Blue eyes Brown eyes
Male 44 20
Female 58 42

Now it is possible to compare the proportions of brown and blue eyes among males and females… The total number of males and females are 64 and 100, respectively. The proportion of males with brown eyes is 20/64 = 0.31, and that for females 42/100 = 0.42. It appears that brown eyes are somewhat less prevalent among males. A contingency table test will tell us if the difference in eye colour frequencies is likely to have arisen through sampling variation.

Notice that we are not interested in judging whether the proportion of males, or the proportion of blue-eyed students, are different from some expectation. That’s the job of a goodness of fit test. We want to know if there is an association between eye colour and sex. That’s the job of a contingency table test.

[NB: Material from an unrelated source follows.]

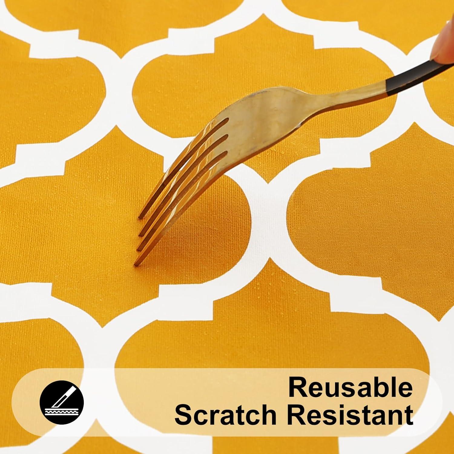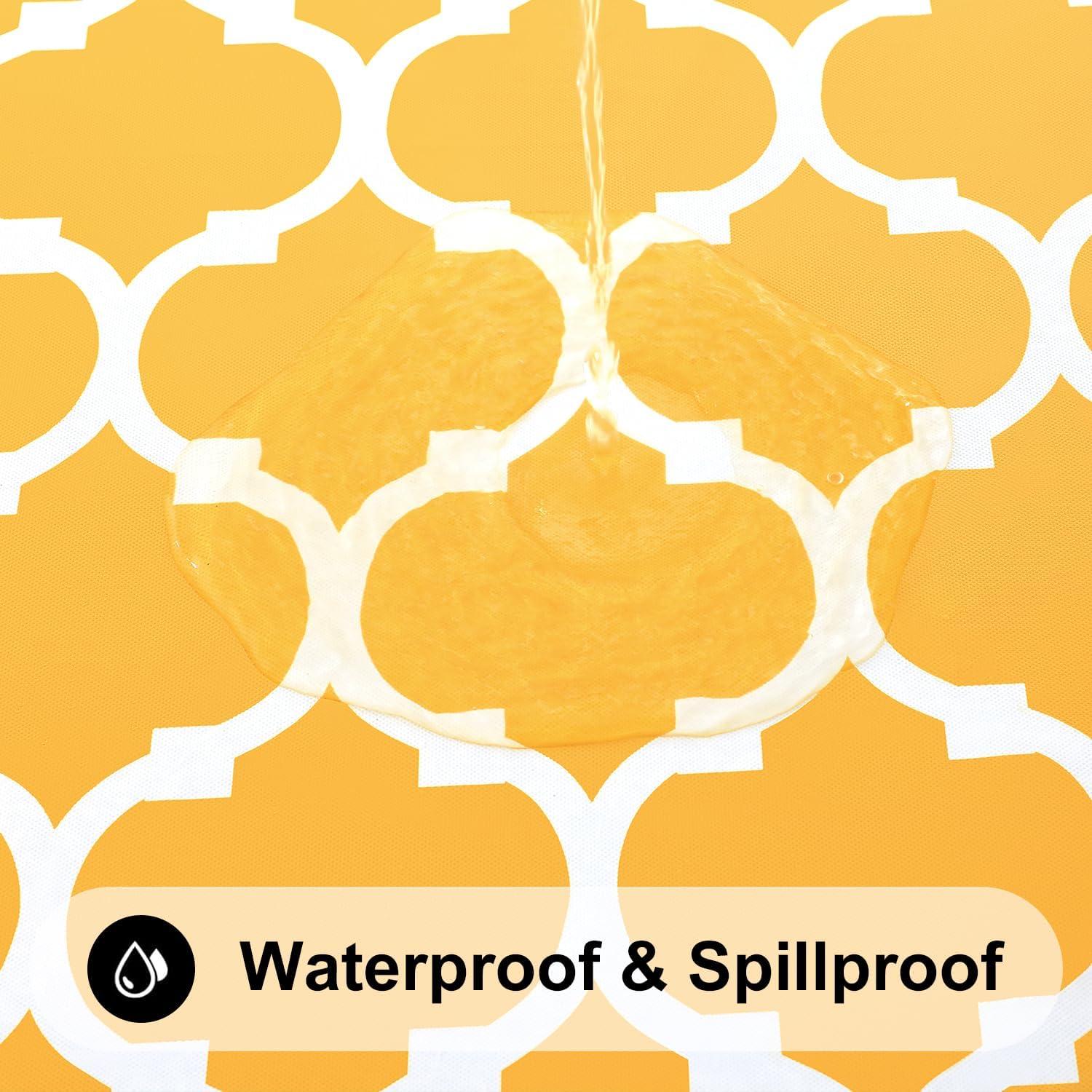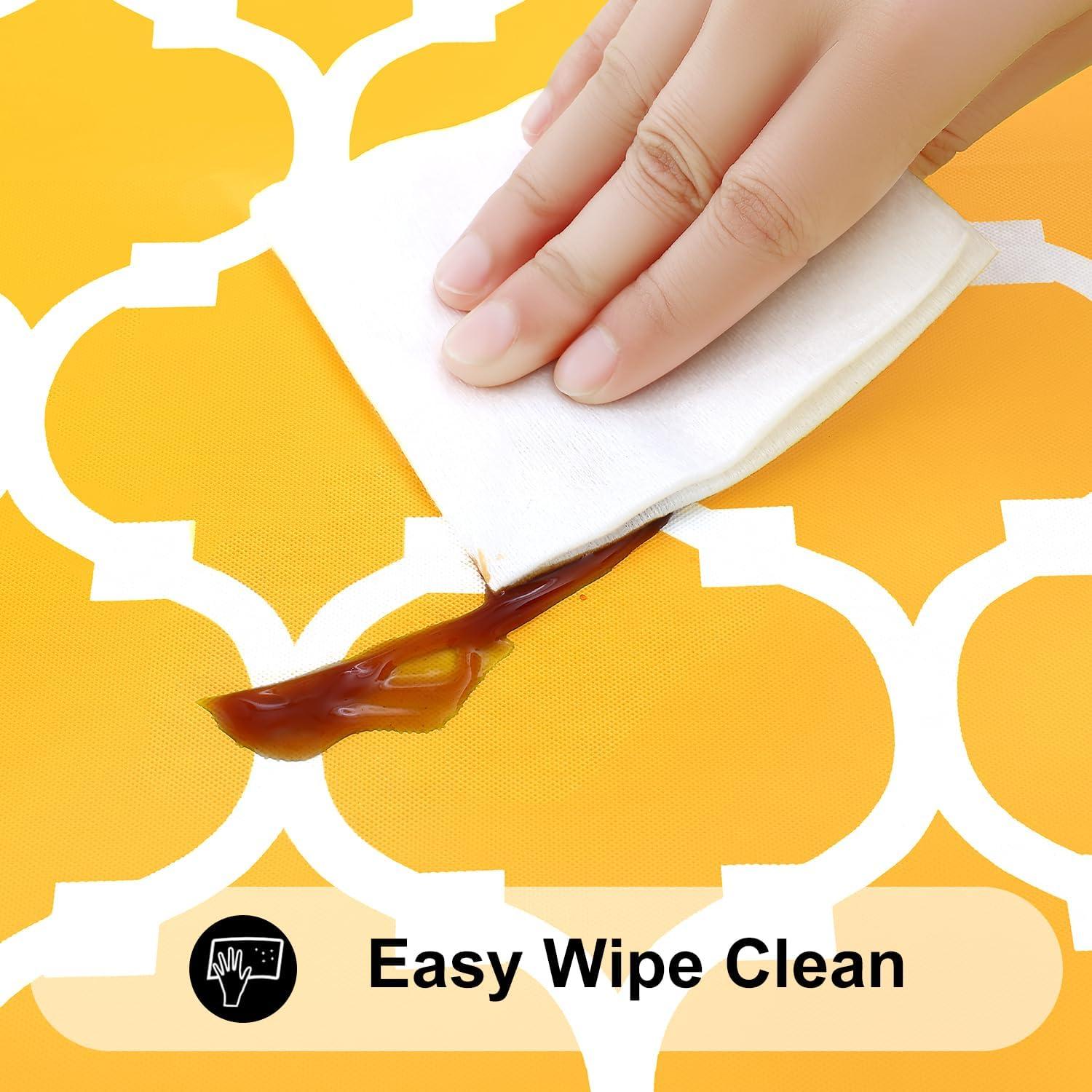 [Waterproof & Wipe Clean] Our table cover surface is made of selected vinyl material, which can effectively waterproof. Spill proof coating makes tablecloth easy to clean, just wipe it off with a damp sponge or rag in a minute.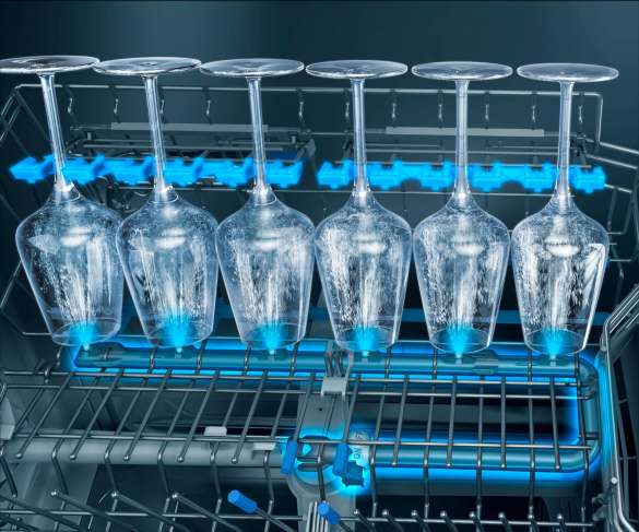 Ein weiteres Highlight, das Spülen jetzt noch bequemer macht, ist die neue glassZone. Mit ihr hat Siemens Hausgeräte einen „Prioritybereich“ für wertvolle Gläser geschaffen: Sechs integrierte Düsen säubern sie mit sanfter, kontinuierlicher Wasserzufuhr ebenso gründlich wie schonend. Und egal ob Tumbler oder Tulpe: Jede Glasform steht dabei sicher auf soften Anti-Rutsch-Elementen: Wein- und Sektgläser erhalten für ihre Stiele durch weiche Anlageflächen ebenfalls zusätzlichen Halt. Für glänzende Spülergebnisse sorgt das patentierte Zeolith-System. Es verwandelt Feuchtigkeit mithilfe des gleichnamigen, natürlichen Minerals in Wärme um, die für ein glänzendes Trockenergebnis sorgt. Das Resultat: Gastgeber können nun auch wertvolle Gläser, die man sonst noch gerne per Hand gespült hat, beruhigt in die Spülmaschine stellen und sparen sich dabei sogar das Nachpolieren. Denn dank der neuen glassZone gehören Wasserflecken und -ränder der Vergangenheit an.

30.3.3 The assumptions and requirements of \(\chi^{2}\) tests

It’s important to realise that in terms of their assumptions, contingency tables and goodness-of-fit tests aren’t fundamentally different from one another. The difference between the two types lies in the type of hypothesis evaluated. When we carry out a goodness-of-fit test we have to supply the expected values, whereas the calculation of expected values is embedded in the formula used to carry out a contingency table test. That will make more sense once we’ve seen the two tests in action.

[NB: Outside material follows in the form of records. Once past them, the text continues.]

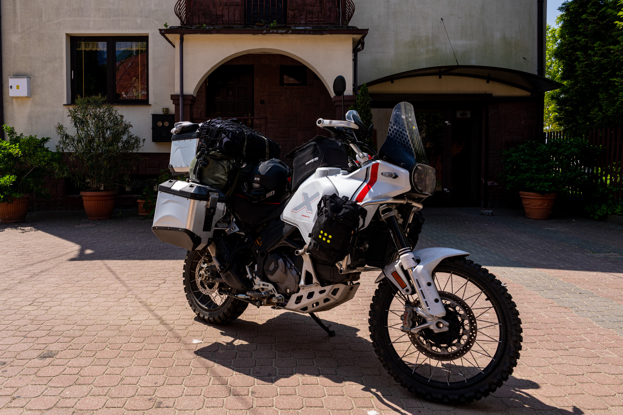 この旅のために購入したENDURISTANのSandstorm 4Aタンクバッグ。大きさ、機能性、耐久性、デザインなど全てにおいて自分が求めていたもので使い勝手がよくて今回のユーラシア横断の旅で大活躍をしている。ただ、唯一心配していたDesertXのステアリングダンパーとバックルが干渉してしまう問題は、やっぱり激しい道を15,000kmを走っているうちに実際の問題になってストラップが摩擦ですり減って半分くらい切れてしまった。いつ完全に切れてもおかしくない状態。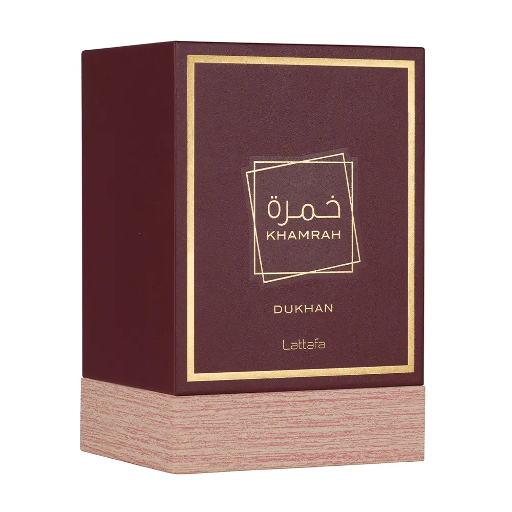 Khamrah Lattafa Eau de Parfum é um perfume árabe masculino com fragrância oriental ousada. Notas de especiarias, incenso e âmbar trazem intensidade e sofisticação. Fixação envolvente e projeção marcante, ideal para noites especiais.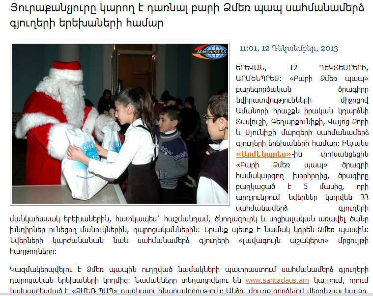 Յուրաքանչյուրը կարող է դառնալ բարի Ձմեռ պապ սահմանամերձ գյուղերի երեխաների համար | ԱՐՄԵՆՊՐԵՍ... armenpress.am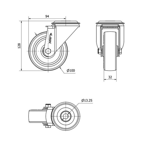 Rueda poliuretano giratoria Alex diametro 100 mm. modelo 2-2436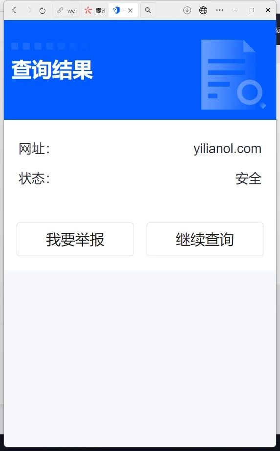 也使用了「腾讯安全-网址安全中心[6]」对网站域名进行检测,显示的是域名安全,但是就是显示已停止访问,这个大大影响了我,麻烦审核大人解封一下,恢复一下微信内可直接访问该域名服务谢谢。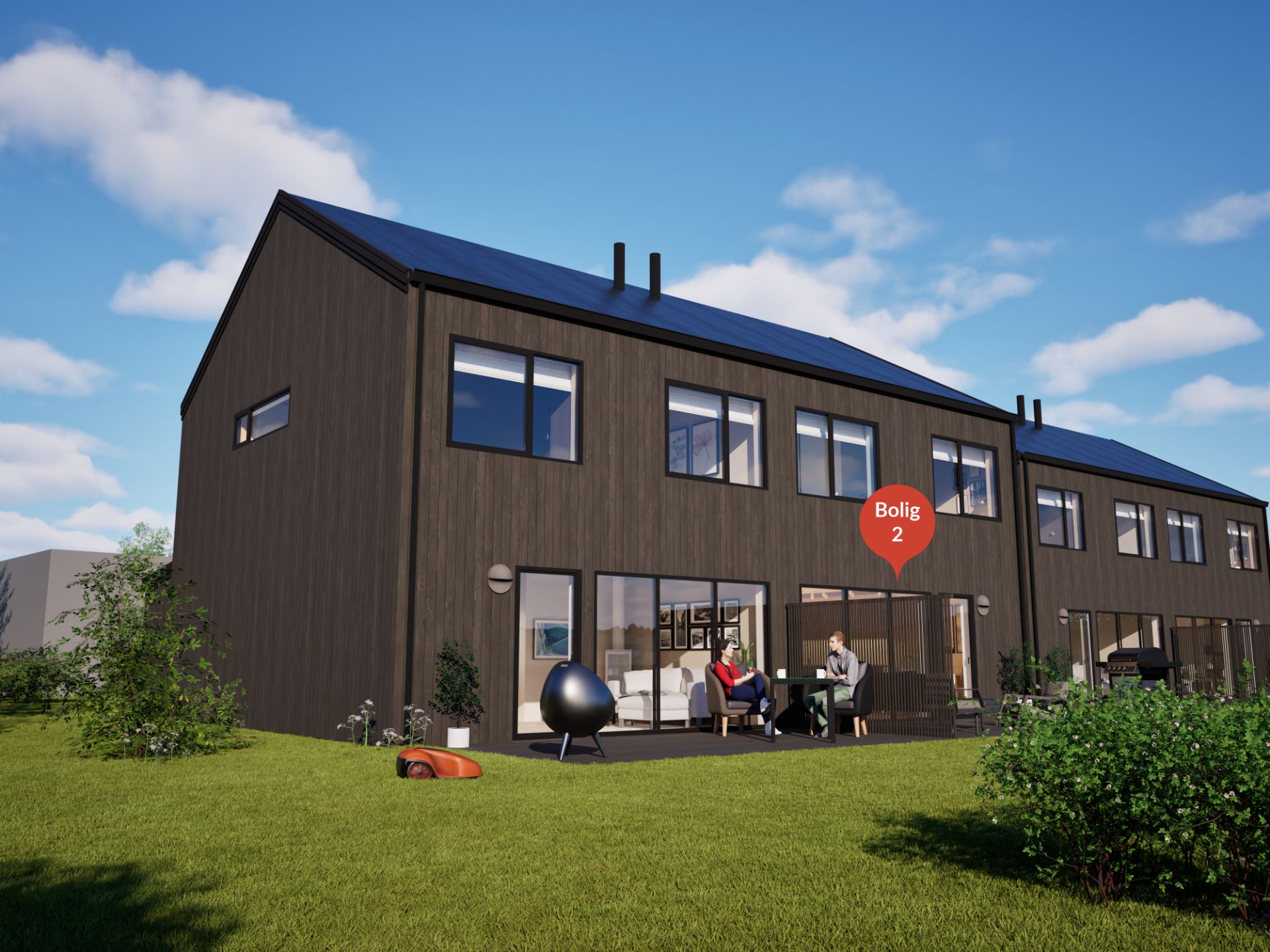Vi presenterer en flott tomannsbolig under oppføriong på Bertnes, med en sentral beliggenhet som gir kort avstand til butikk, skole og busstopp. Boligen oppføres med konseptet Skandi og holder en gjennomgående høy standard, og leveres med blant annet smarthusløsning fra Witana og elbillader.

\(\chi^{2}\) tests are often characterised as non-parametric tests because they do not assume any particular form for the distribution of the data. In fact, as with any statistical test, there are some assumptions in play, but these are relatively mild:

  • The data are independent counts of objects or events which can be classified into mutually exclusive categories.

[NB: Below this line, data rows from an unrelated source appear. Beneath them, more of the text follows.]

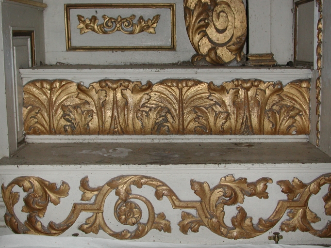 L'autel et le tabernacle ont peut-être été remplacés au 19e siècle. La peinture est en mauvais état, soit très encrassée, soit écaillée.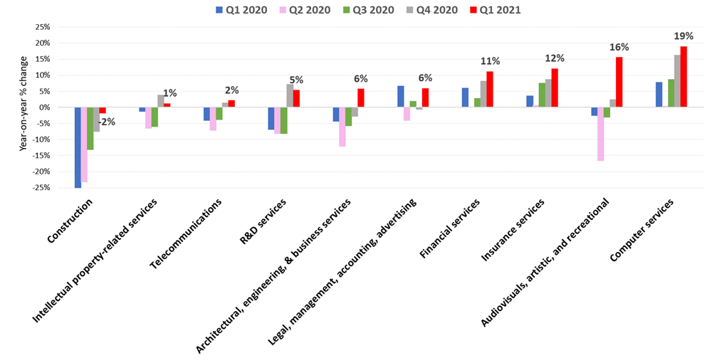 其他服务行业——如建筑、娱乐、法律和金融服务——在今年第一季度平均同比增长了6%。虽然建筑业复苏滞后(全球出口下降了2%),但大多数其他服务子行业都恢复了增长,特别是视听、艺术和娱乐服务(这是受COVID-19相关限制影响最大的行业之一)。计算机服务继续其令人印象深刻的增长,同比增长19%。
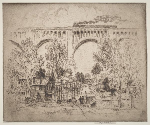 Curator: "The Crystal Palace," a 1905 etching by Joseph Pennell. Look at the sheer texture of the etching, so delicately wrought! Editor: My first impression is one of nostalgia, or perhaps loss. The sepia tones and the somewhat blurry, indistinct lines create a dreamlike, ephemeral quality. Curator: Yes, Pennell certainly captures a sense of fading grandeur here. Etching as a printmaking process is quite labour-intensive, involving acid-resistant coatings and multiple applications to achieve such depth. It speaks to the architectural ambition, doesn't it? And the image hints at this building’s cultural impact. Editor: Indeed. Notice how the structural elements of the Crystal Palace dominate the composition. The eye is drawn to the elaborate, arched roofline. Then we’re presented with formal arrangements of structures across the immediate scene. Pennell creates visual rhymes, linking foreground to background. Curator: We have to consider the historical context too. The Crystal Palace, initially erected for the Great Exhibition of 1851, stood as a symbol of Victorian innovation and British imperial power. Its eventual destruction by fire in 1936 marked the end of an era. The etching was done earlier in 1905 and contains within it this sense of impending loss. Editor: Good point. The muted palette emphasizes this sense of melancholy, the subdued, desaturated hues further conveying decay. There is also the relationship between this grand, impressive architecture, with the natural elements which have the opportunity to outlive it, trees and clouds adding a wistful poignancy. Curator: Right, and thinking about Pennell as a key figure in promoting etching as a legitimate art form is relevant here. It's not simply documentation. The print is deliberately crafted with aesthetic considerations, raising important questions about labour in both the craft and high arts worlds. Editor: I see what you mean. It makes one consider the relationship between structure and environment, grandeur and ruin, the monumental and the intimate. It's all beautifully ambiguous. Curator: So, it’s a compelling illustration of both Victorian aspiration and transience. Editor: Yes, I think I appreciate it a little more having considered its formal attributes and cultural context. It becomes a very resonant piece when one is considering its layered details.

  • The expected counts are not very low. The general rule of thumb is that the expected values should be greater than 5.

The most important thing to remember about \(\chi^{2}\) tests is that they must always be carried out on the actual counts. Although the \(\chi^{2}\) is really telling us how the proportions of objects in categories vary, the analysis should never be carried out on the percentages or proportions, only on the original count data, nor can a \(\chi^{2}\) test be used with means.


  1. e.g. the ‘log-linear model,’ ‘Fisher’s exact test,’ and the ‘G-test.’↩︎

  2. Human sex-ratio is actually slightly biased toward males at birth, but since males experience a higher mortality rate in their teens, the sex ratio among 18 year olds is closer to 1:1.↩︎